- [Input material]
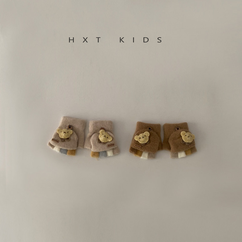 婴儿手套冬季半指翻盖保暖超萌可爱小熊0-3岁小童宝宝户外手袜冬2
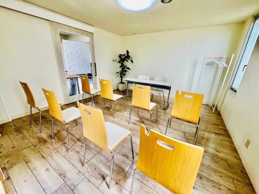 お部屋の大きさは11m²(約7畳)。最大10人(着席時)まで入れます。ご予約優先でお貸ししています。
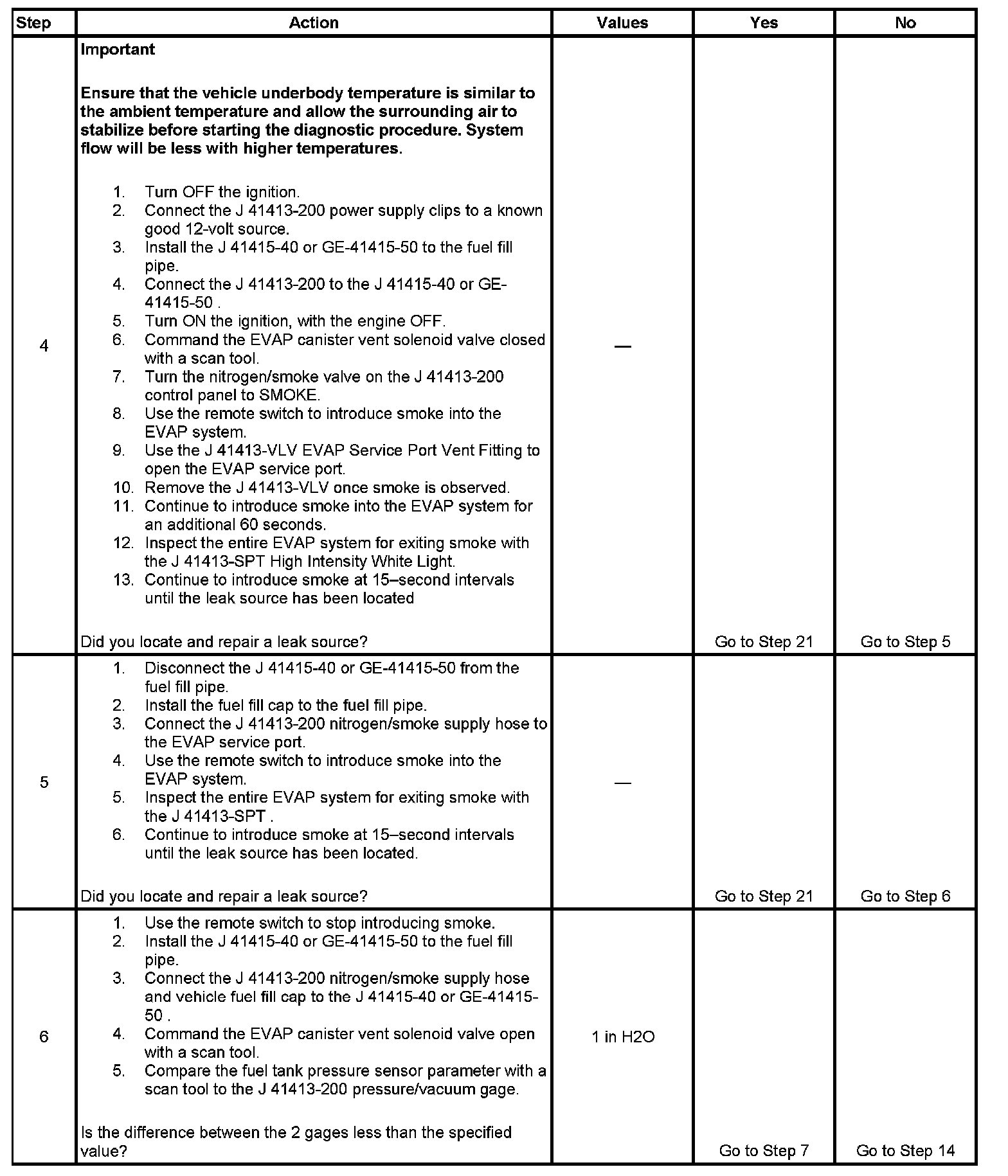 - To help locate intermittent leaks, use the J 41413-200 Evaporative Emissions System Tester (EEST) to introduce smoke into the EVAP system. Move all EVAP components while observing smoke with the J 41413-SPT High Intensity White Light. Introducing smoke in 15-second intervals will allow less pressure into the EVAP system. When the system is less pressurized, the smoke will sometimes escape in a more condensed manner.
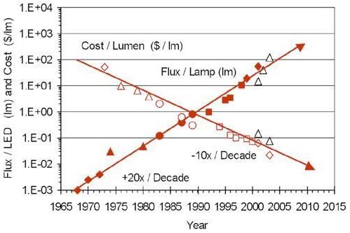 依據過去30年LED發展觀察,Lumileds Lighting公司的Roland Haitz先生於2003年歸納出LED界的Moore(摩爾)定律—Haitz定律(如圖1所示),說明LED約每18~24個月可提升一倍的亮度,以此定理推估10年內LED亮度可以再提升20倍,而成本將可降90%以達到可完全取代現有照明技術,因此LED照明於近幾年火熱的被重視與探討。
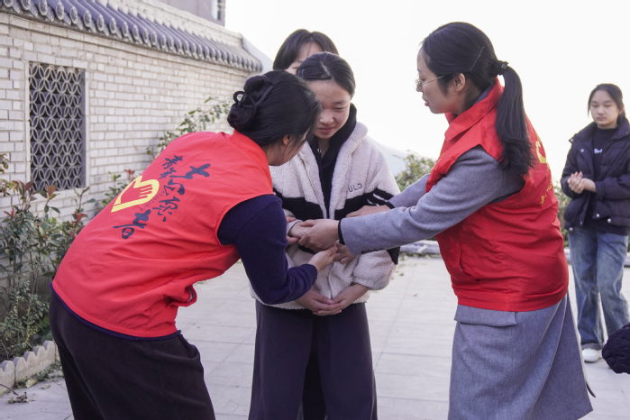 中间休息时,师生志愿者不仅手把手教他们七步洗手法和海姆立克急救法,还带着孩子们玩老鹰抓小鸡的游戏。“站在受助者身后,用一只手握住拳头,将拳头置于患者的腹部上方,另一只手放在拳头上,用身体重量施加向下压力……”孩子们学得非常认真,尤其是海姆立克急救法普及的时候,几个女孩还两两结伴地进行演示、讲解。
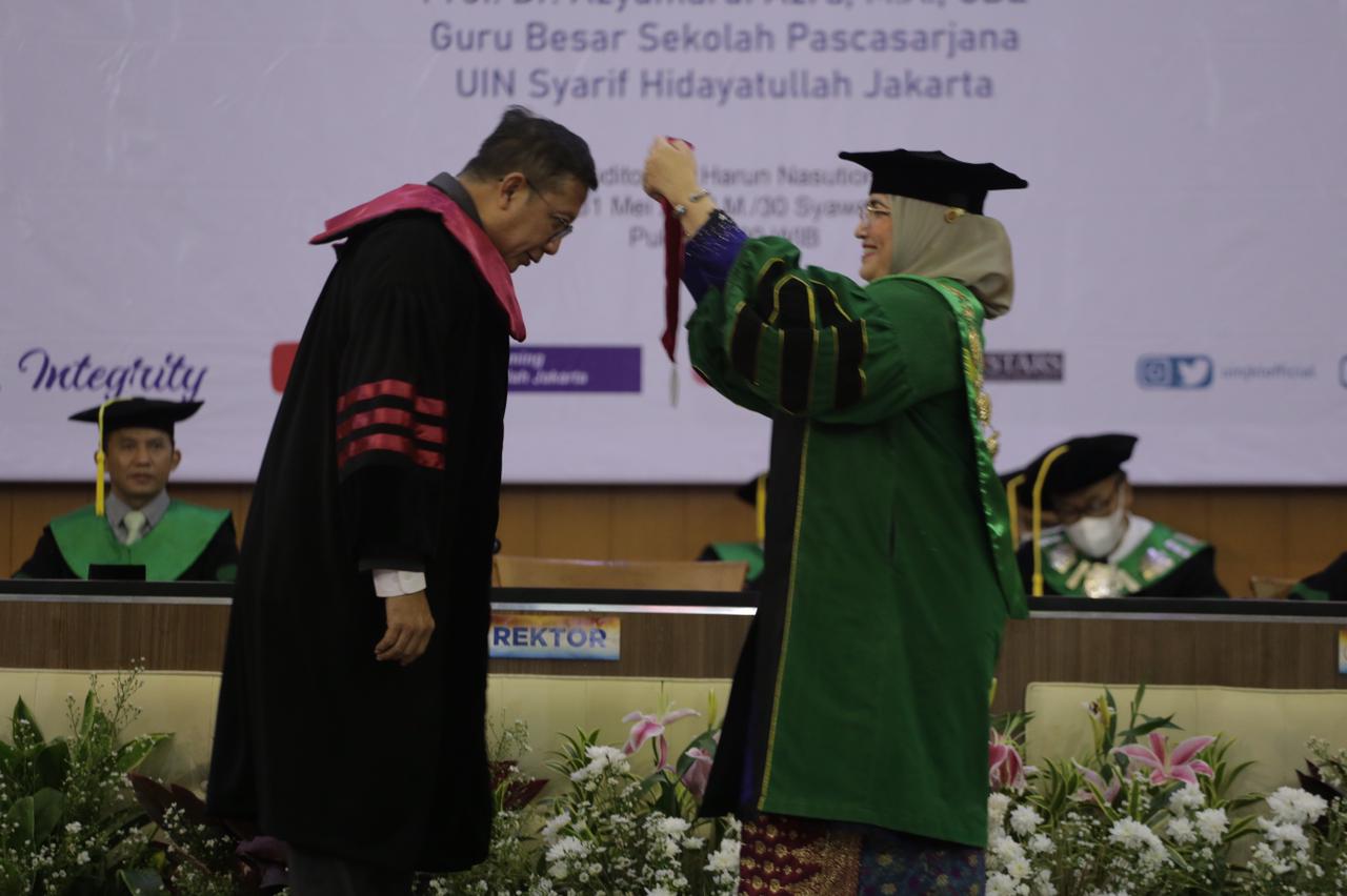 Selaku promotor, Guru Besar Sekolah Pascasarjana UIN Syarif Hidayatullah Prof. Dr. Azyumardi Azra, MA, CBE. Hadir, Rektor UIN Syarif Hidayatullah Prof. Dr. Amany Lubis, Ketua Senat UIN Syarif Hidayatullah Prof Dr Abudin Nata, serta para guru besar dan anggota senat.
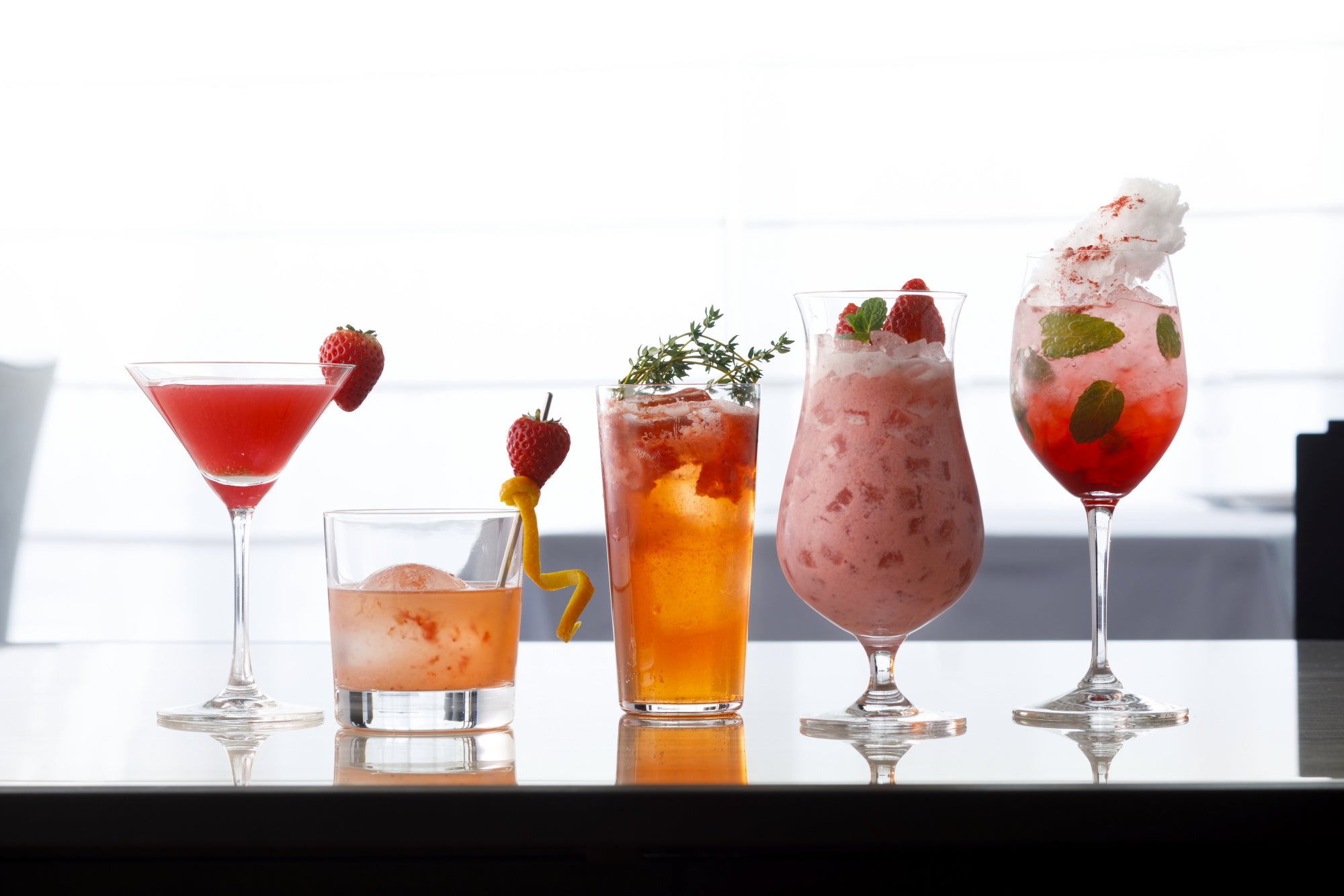 旬のイチゴをふんだんに使用したカクテルとカフェがラインナップ。ティーフレーバーのウィスキーでさっぱりと仕上げられたハイボールスタイルのカクテル「ベティハイボール」や、果実を贅沢に使用したパフェスタイルのミルクティー「ロイヤルフレーズ」など、デイタイムにもおすすめの爽やかなセレクションを揃えております。
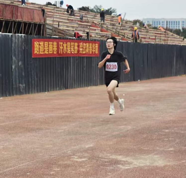 10月31日上午男子 200 米决赛中,经管系李敦睿与谢宋全晶上演 “双雄争霸”。发令枪响后,二人迅速抢占先机,全力冲刺。最终李敦睿以 24 秒 2 的成绩夺冠,谢宋全晶紧随其后,以 25 秒 17 的成绩打破该项校纪录,展现了强劲的爆发力。男子 3000 米赛道上,付洪雪展现出非凡耐力。他全程保持稳定节奏,后半程逐渐发力超越对手,最终以 9 分 43 秒的成绩冲线,将校纪录大幅刷新。当计时器定格的瞬间,看台上经管系师生的欢呼声此起彼伏。

- [Exercise aim]
Print the data above from its first line through the line that has "中间休息时,师生志愿者不仅手", exactly and with nothing else, omitting pictures.

- [Exercise response]
 婴儿手套冬季半指翻盖保暖超萌可爱小熊0-3岁小童宝宝户外手袜冬2
 お部屋の大きさは11m²(約7畳)。最大10人(着席時)まで入れます。ご予約優先でお貸ししています。
 - To help locate intermittent leaks, use the J 41413-200 Evaporative Emissions System Tester (EEST) to introduce smoke into the EVAP system. Move all EVAP components while observing smoke with the J 41413-SPT High Intensity White Light. Introducing smoke in 15-second intervals will allow less pressure into the EVAP system. When the system is less pressurized, the smoke will sometimes escape in a more condensed manner.
 依據過去30年LED發展觀察,Lumileds Lighting公司的Roland Haitz先生於2003年歸納出LED界的Moore(摩爾)定律—Haitz定律(如圖1所示),說明LED約每18~24個月可提升一倍的亮度,以此定理推估10年內LED亮度可以再提升20倍,而成本將可降90%以達到可完全取代現有照明技術,因此LED照明於近幾年火熱的被重視與探討。
 中间休息时,师生志愿者不仅手把手教他们七步洗手法和海姆立克急救法,还带着孩子们玩老鹰抓小鸡的游戏。“站在受助者身后,用一只手握住拳头,将拳头置于患者的腹部上方,另一只手放在拳头上,用身体重量施加向下压力……”孩子们学得非常认真,尤其是海姆立克急救法普及的时候,几个女孩还两两结伴地进行演示、讲解。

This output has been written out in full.